According to the results of safety entropy, the fog warning system can improve the driver’s speed stability in the entire fog zone; however, warning information may reduce the driving stability in the warning zone. In the light fog condition, the fog warning system with HMI has a better effect on improving speed stability and driving safety, while in the heavy fog condition, the two fog warning systems exhibit little difference.
This paper provides available evaluation indicators and general evaluation methods for the safety assessment of fog warning systems and provides a reference for the optimization design of these systems. In the future, real vehicle test is expected, and more indicators and the safety entropy of each indicator can be employed to comprehensively analyze the impact of fog warning systems.
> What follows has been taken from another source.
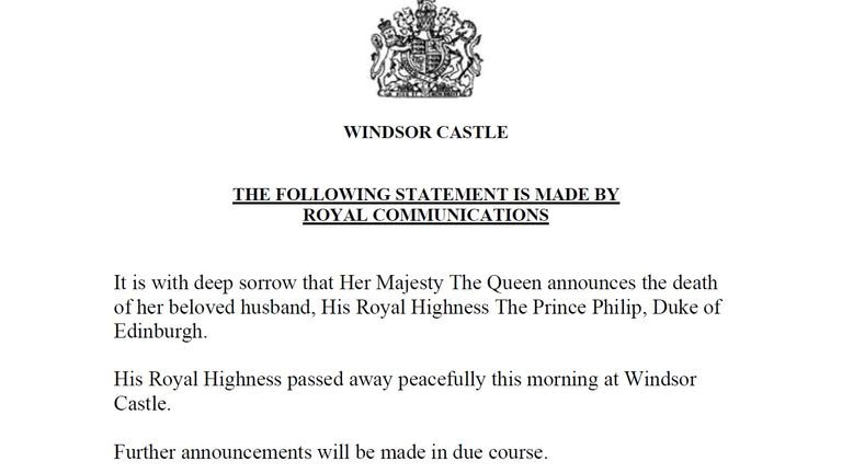 A statement from Buckingham Palace said: “It is with deep sorrow that Her Majesty The Queen has announced the death of her beloved husband, His Royal Highness The Prince Philip, Duke of Edinburgh. His Royal Highness passed away peacefully this morning at Windsor Castle.”

Except for the driving safety, the efficiency, ecology, comfort, and effectiveness of fog warning systems based on the driving simulation CV test platform need to be evaluated to achieve the comprehensive evaluation of the fog warning systems.
Data Availability
The data used to support the findings of this study are available from the corresponding author upon request.
Conflicts of Interest
The authors declare that there are no conflicts of interest regarding the publication of this paper.
Acknowledgments
This work was supported by the National Natural Science Foundation of China (52072012) and the State Key Laboratory of Automotive Safety and Energy under Project no. KF2017.